When I first heard of white and black coffee I thought I knew what was up. Isn’t white coffee just a black coffee with milk in it? Wow, I was a mile off, I had no idea.

As it turns out, the difference between white and black coffee is all down to the roast; white or black refers to the bean. A white coffee bean is roasted at a lower temperature for less time; it tastes sweet and light. A black coffee is roasted at higher temperatures for longer; it tastes darker, and more intense, like charcoal.

Black coffee is probably the bean we are more familiar with. White coffee the unique thing we’re talking about here. It’s certainly growing in popularity though.

Knowing this, I guarantee that if your granny offered you a coffee and asked if you want it black or white, she is asking if you want milk in it or not. We’re talking about a niche coffee fan thing here. You’ve got to gauge your audience.

white coffee beans and black coffee beans

What is The Difference Between White Coffee and Black Coffee?

Roasting Temperatures

As fas as roasting goes a white coffee bean has more just been shown the heat.

Black coffee is what most of us will be more familiar with. It is usually roasted anywhere between 375ºF to 480ºF (190 ºC to 250 ºC).

White coffee is roasted at around a much cooler 325ºF (160 ºC).

Caffeine Content

The heat of roasting coffee actually breaks down caffeine in the bean. While the more common black coffee will wake you right up, white coffee could give you a caffeine kick right up the ass.
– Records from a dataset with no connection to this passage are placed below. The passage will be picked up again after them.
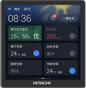 日立智慧屏進一步升級,可實現(xiàn)空調(diào)、地暖、新風、除濕、加濕系統(tǒng)一體化控制,也可獨立操控,高效便捷。系統(tǒng)間的聯(lián)動控制可實現(xiàn)自動化空氣管理,AI級智能調(diào)節(jié),復雜系統(tǒng)簡單設定,一鍵運行,使用無憂。
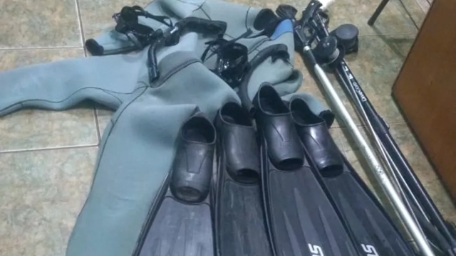 Ainda foram apreendidos dois arbaletes, duas máscaras de mergulho, dois pares de nadadeiras e uma roupa de mergulho.
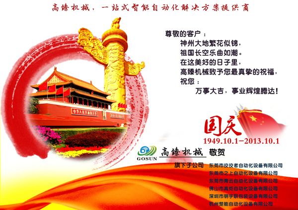 國慶節來臨之際,東莞市高臻智能自動化設備有限公司祝大家假期愉快。
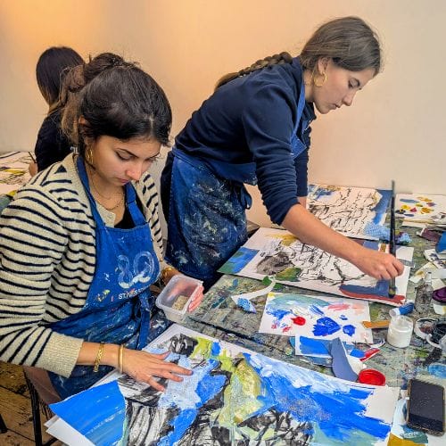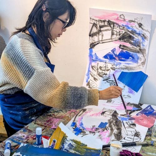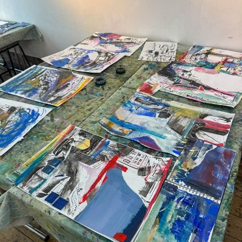 The second day was spent entirely at the St Ives School of Painting, in a workshop led by local abstract landscape artist Laura Kent. She introduced the students to her processes, drawing inspiration from Cornwall’s land and seascapes. After making several sketches around the town and its beaches, the group returned to the studio to develop them further. They enlarged their compositions with ink, then ripped each piece up to reconstruct their work into even larger collages. Layers of painted paper and acrylics were added, resulting in bold, abstract pieces that reflected both landscape and imagination.
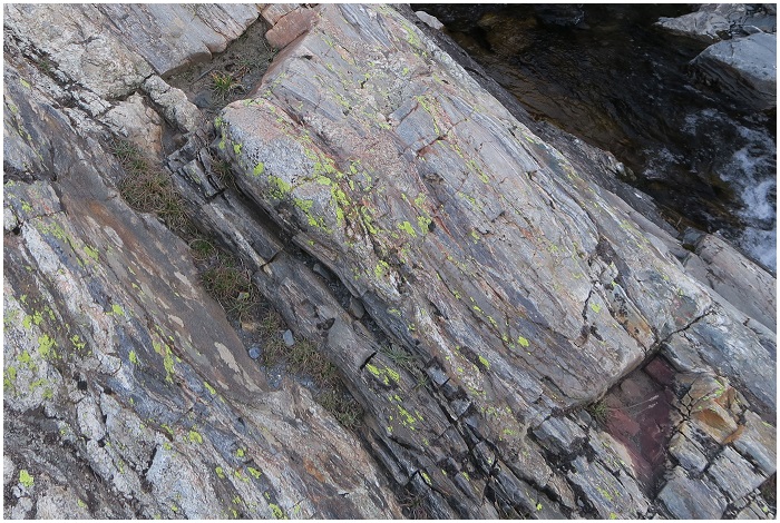sombres d'une roche métamorphique et les lits claits irréguliers,
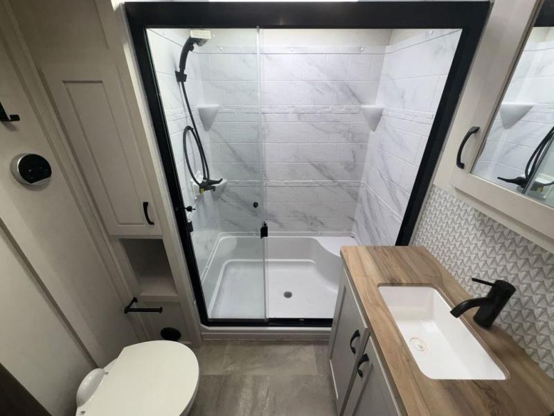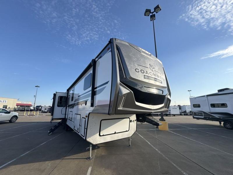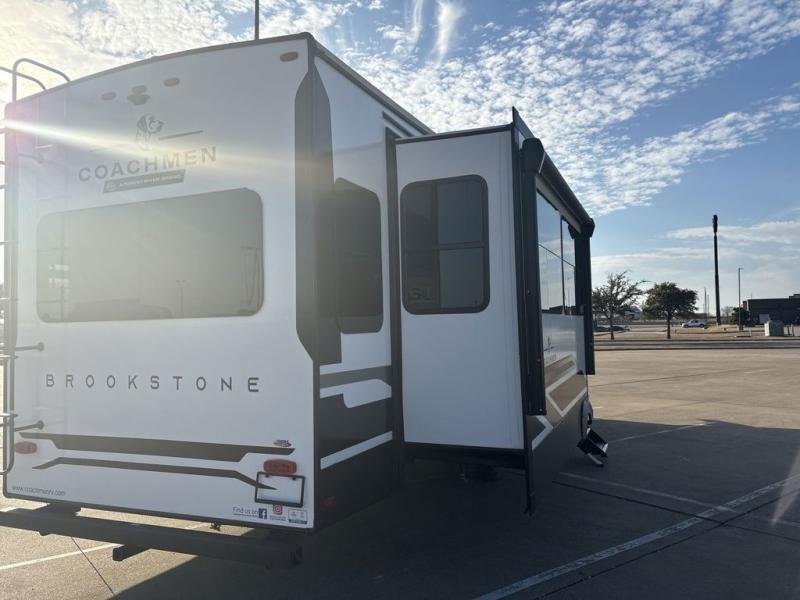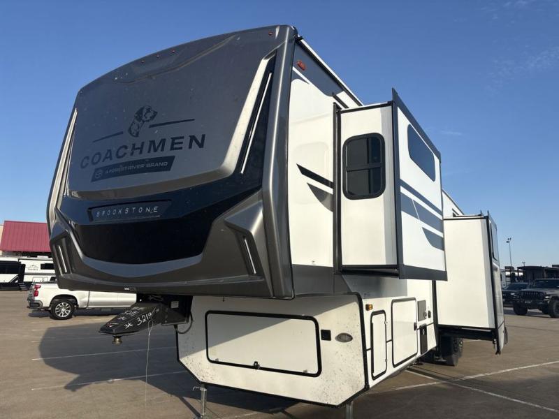 The Brookstone fifth wheels by Coachmen are coming to you with wide-body comfort, home-like amenities, and unique designs for a truly luxurious RV. The Weather Shield+ consists of a 6X double Azdel aluminum cage sidewall system, a Radiant Pro weather barrier system, and more that will help you extend your camping season or go full-time. Head inside to find solid surface countertops in the kitchen, an 4K Smart LED TV in the living room, slow rise roller night shades, and the list of comforts goes on! The Brookstone also includes 6-point electric auto-leveling, four Solid Step entry steps, an electric awning with LED lights, and many more exterior conveniences!

This makes the higher caffeine white beans more appropriate for earlier in the day. A sweet cup of go juice to start your day. Black coffee is probably more suited for the afternoon or onwards to avoid that buzz keeping you up all night!

Some coffee aficionados will say that white coffee can have as much as 50% more caffeine than black coffee beans that number more comes from peoples opinion. When it comes down to it though, it’s really more like a 5% higher caffeine content.
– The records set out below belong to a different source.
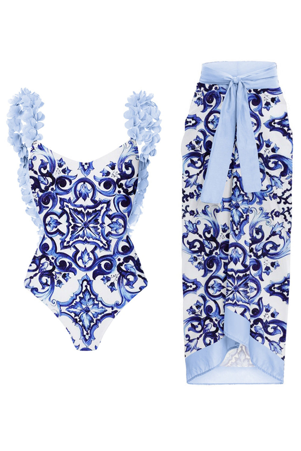 2 Piece Blue Ruffled Print Swimsuit with Cover Up
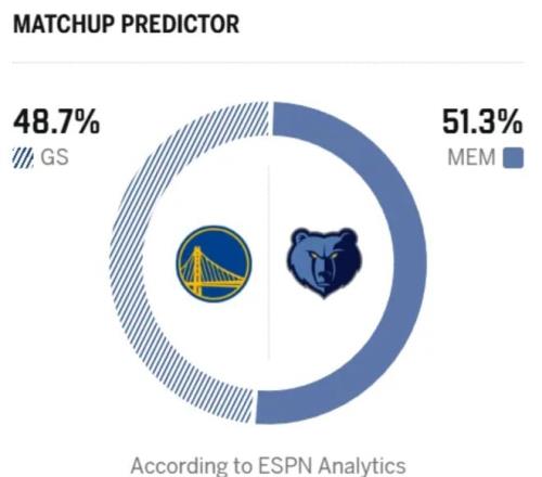 北京时间2月26日,NBA常规赛迎来勇士与灰熊的比赛!坐镇主场的灰熊,目前以21胜35负排在西部第11位,刚在主场输给西部垫底的国王,遭遇两连败,还亲手帮对手终结了16连败。那场114-123的失利中,灰熊六人得分上双,替补斯莫尔轰下全队最高的21分。大交易后的灰熊,本赛季剩余赛程主打锻炼新人、磨合战术,实力虽有限,但手感打顺了谁都难挡!反观勇士,赛前以30胜28负位列西部第八,身后的开拓者和快船正虎视眈眈。全明星周末后,他们打出1胜2负的战绩,既能主场赢下掘金,也能客场不敌鹈鹕。上一场输给鹈鹕,梅尔顿和穆迪都砍下20+,却没能挡住锡安带领的对手。今天的比赛,勇士的库里、巴特勒缺阵,格林此役也无法出战,实力大打折扣。赛前,美媒ESPN预测本场比赛,勇士胜率48.7%,灰熊胜率51.3%。
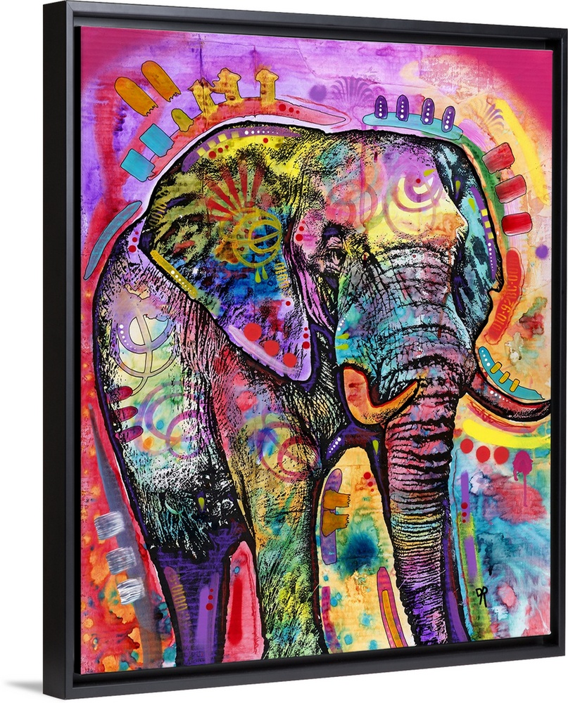 <p>Colorful illustration of a large elephant with abstract markings all over.</p>

When we talk about acidity in coffee, we are more talking about an aspect of the flavor, rather than its pH. Acidity is a key aspect of all foods nut just coffee. It gives a roundness, a fullness of flavor.
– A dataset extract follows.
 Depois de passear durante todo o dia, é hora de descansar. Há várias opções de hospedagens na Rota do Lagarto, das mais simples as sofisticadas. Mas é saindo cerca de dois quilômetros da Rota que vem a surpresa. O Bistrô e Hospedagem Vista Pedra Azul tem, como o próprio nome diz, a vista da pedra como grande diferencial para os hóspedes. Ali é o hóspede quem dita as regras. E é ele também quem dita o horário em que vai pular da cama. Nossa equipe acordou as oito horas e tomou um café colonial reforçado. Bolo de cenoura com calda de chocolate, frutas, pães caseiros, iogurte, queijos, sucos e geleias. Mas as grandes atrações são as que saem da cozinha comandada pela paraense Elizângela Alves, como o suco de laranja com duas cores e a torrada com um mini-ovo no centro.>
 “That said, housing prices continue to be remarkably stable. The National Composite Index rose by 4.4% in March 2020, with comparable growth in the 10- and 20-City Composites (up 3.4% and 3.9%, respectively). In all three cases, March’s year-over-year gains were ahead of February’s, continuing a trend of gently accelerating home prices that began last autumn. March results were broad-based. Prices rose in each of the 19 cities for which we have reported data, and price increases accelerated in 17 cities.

A darker roast will have a lower acidity, and a lighter roast has more acidity. This will contribute toward to sweet fruityness that white coffee is known for.

Taste and Aroma

With a cooler quicker roast, the white bean tastes more like the original unroasted bean itself. It’s light, sweet, fruity and a bit nutty. Whereas the hotter, longer, roast can take the flavor up to the typical dark coffee flavor and beyond toward more burnt charcoal and tobacco flavors.

When it comes down to it, white coffee and black coffee are the extreme ends of the coffee roast spectrum. There is every roast inbetween. Everyone has their favorite. You’ve just got to try them and see which you prefer.

Health Aspects: Calories and Antioxidants

Coffee and health might not be the first combination that comes to everyones mind.

Fresh brewed coffee without any milk, whether white coffee or black coffee, really doesn’t have many calories. An 8-ounce cup of coffee without milk has about 2 to 3 calories. An Espresso has about 1 calorie.


Milk and sugar however do have calories and they’re often drunk with coffee. Especially with white coffee. While it’s not a huge contribution to your recommended daily amounts it can add up if you’re guzzling cups all day.

  • One teaspoon of sugar has 20 calories
  • One dash of semi-skimmed milk, call it 1 ounce (30 ml), has 17 calories

So one small 8 ounce cup of coffee with a dash of milk and two teaspoons of sugar will have about 57 calories. A big 16 ounce mug? 114 calories. It can add up if you’re counting your calories.

Like your coffee black (without milk or sugar in this case) then there’s no need to give calories a second thought.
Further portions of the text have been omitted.